At the conclusion of the Loudermill hearing, Messelt discussed the possibility of a post-termination administrative hearing with Dusek. There is no evidence that Dusek sought any post-termination hearing or attempted to take advantage of any available state administrative remedy. The Court rejects Dusek's claim that the City failed to provide adequate post-termination procedures.
E. Retaliation
Dusek asserts that the City retaliated against him for asserting the age discrimination and sex discrimination claims by pressuring him to resign before it terminated his employment and by making a finding of insubordination in order to successfully contest his unemployment benefits. Dusek also concludes that the City added the insubordination finding in order to retaliate against Dusek for failing to give up his due process rights by resigning and for refusing to drop his discrimination claims.
Because there is no direct evidence of a retaliatory motive, the Court analyzes Dusek's retaliation claims under McDonnell Douglas Corp. v. Green:
Under this framework, the initial burden is on the plaintiff to establish a prima facie case, consisting of evidence: (1) that he or she engaged in statutorily protected activity; (2) an adverse employment action was taken against him or her; and (3) a causal connection exists between the two events. If the plaintiff establishes a prima facie case, the burden then shifts to the defendant to show a non retaliatory reason for the adverse employment action.
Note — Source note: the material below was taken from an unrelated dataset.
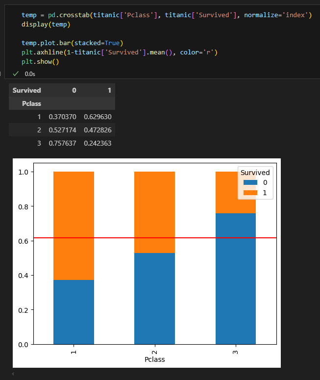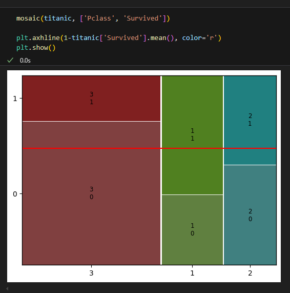 ② 그 중 3등급 객실에 대해서 보면, y축의 길이는, 3등급 객실 승객 중에서 사망, 생존 비율을 의미한다.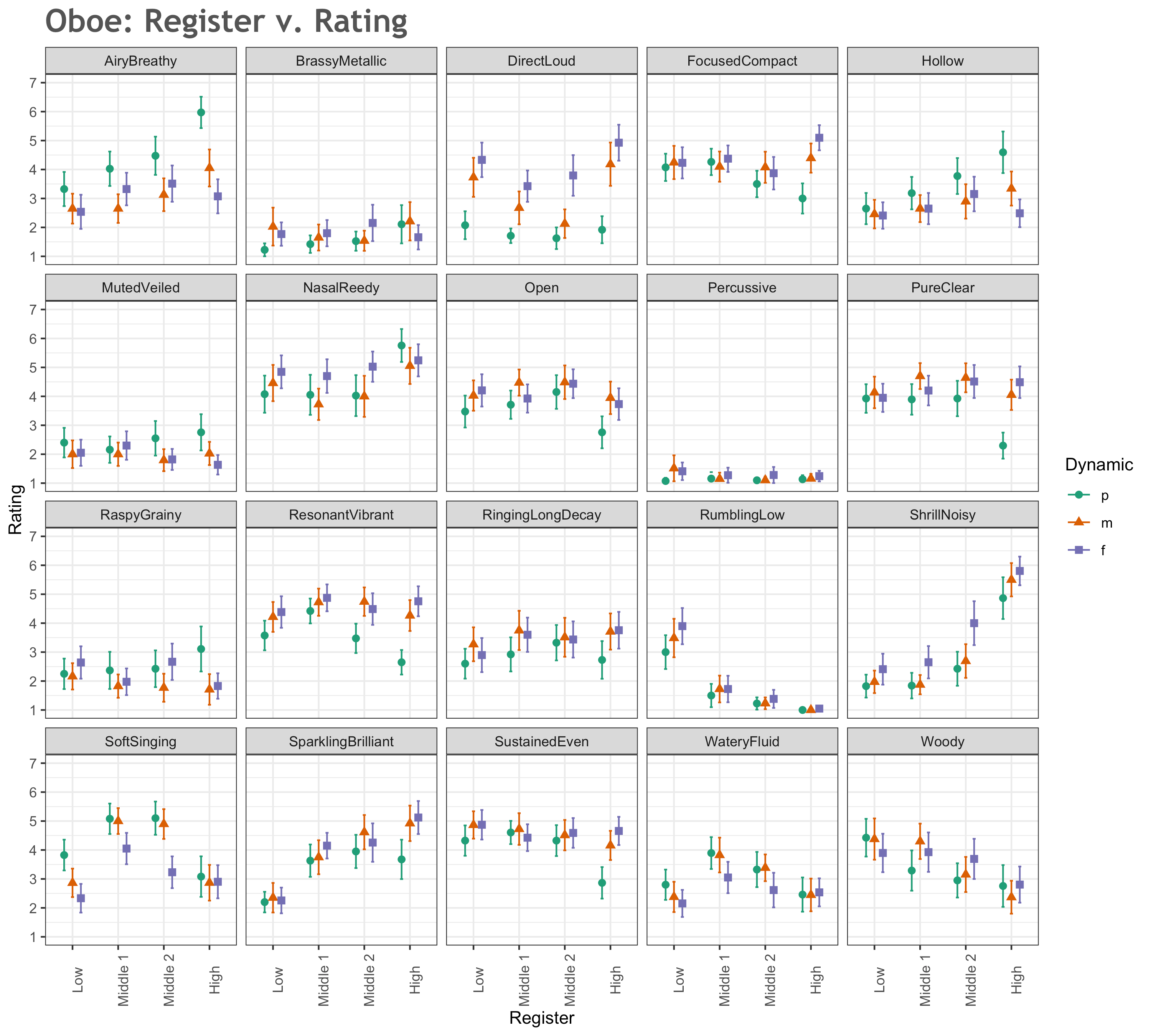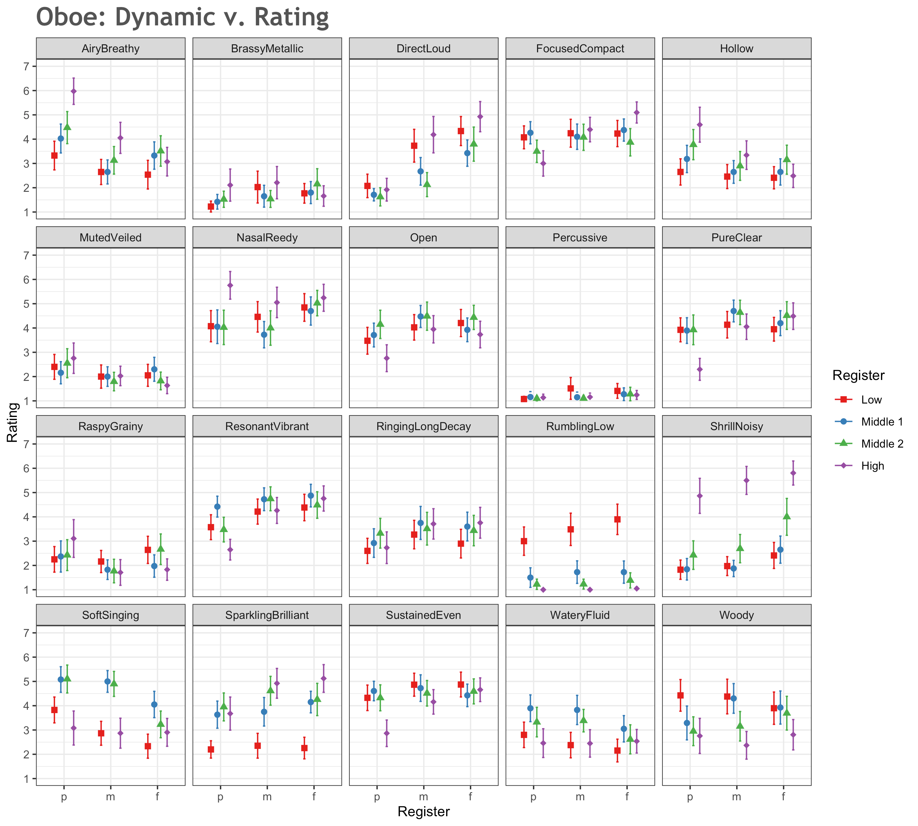 Means on each dimension as grouped by register and dynamics for the oboe are visualized in Figures 2 and 3. In these figures, the reported mean for each register is the average of the means of the three notes in each register set. Error bars illustrate the 95% confidence intervals. Figure 2 reports register on the x-axis, with shape/color of the points indicating dynamics. Figure 3 presents the same data, but with dynamics on the x-axis and register indicated by shape/color. Numerical data related to these figures can be found in Appendix D.

If the defendant can show a legitimate, non-retaliatory reason for its actions, the burden returns to the plaintiff who is then obliged to present evidence that (1) creates a question of fact as to whether [defendant's] reason was pretextual and (2) creates a reasonable inference that [defendant] acted in retaliation.Stewart v. Indep. Sch. Dist. No. 196, 481 F.3d 1034, 1043 (8th Cir. 2007) (citations omitted).
Dusek has failed to identify any causal connection between Dusek's assertion of sex and age discrimination claims or assertion of his Loudermill hearing rights and the City's finding of insubordination and the State's subsequent denial of unemployment benefits. During his deposition, he testified that he has only "speculation" to support his claim. (Dusek Dep. 137.) In contesting his application for unemployment benefits, the City simply provided documentation of its reasons for terminating Dusek. MDEED reviewed Dusek's application and decided that he was disqualified because the weight of the evidence supported the City's stated termination explanation. There is simply no evidence in the record from which a reasonable juror could find that the City retaliated against Dusek for pursuing his discrimination claims or exercising his due process rights under Loudermill by alleging insubordination and opposing his unemployment benefits application.
Accordingly, based upon the files, records, and proceedings herein, IT IS HEREBY ORDERED:
1. Defendant's Motion for Summary Judgment [Docket No. 18] is GRANTED and this case is DISMISSED WITH PREJUDICE.
2. Oral argument scheduled for December 7, 2007 is CANCELLED.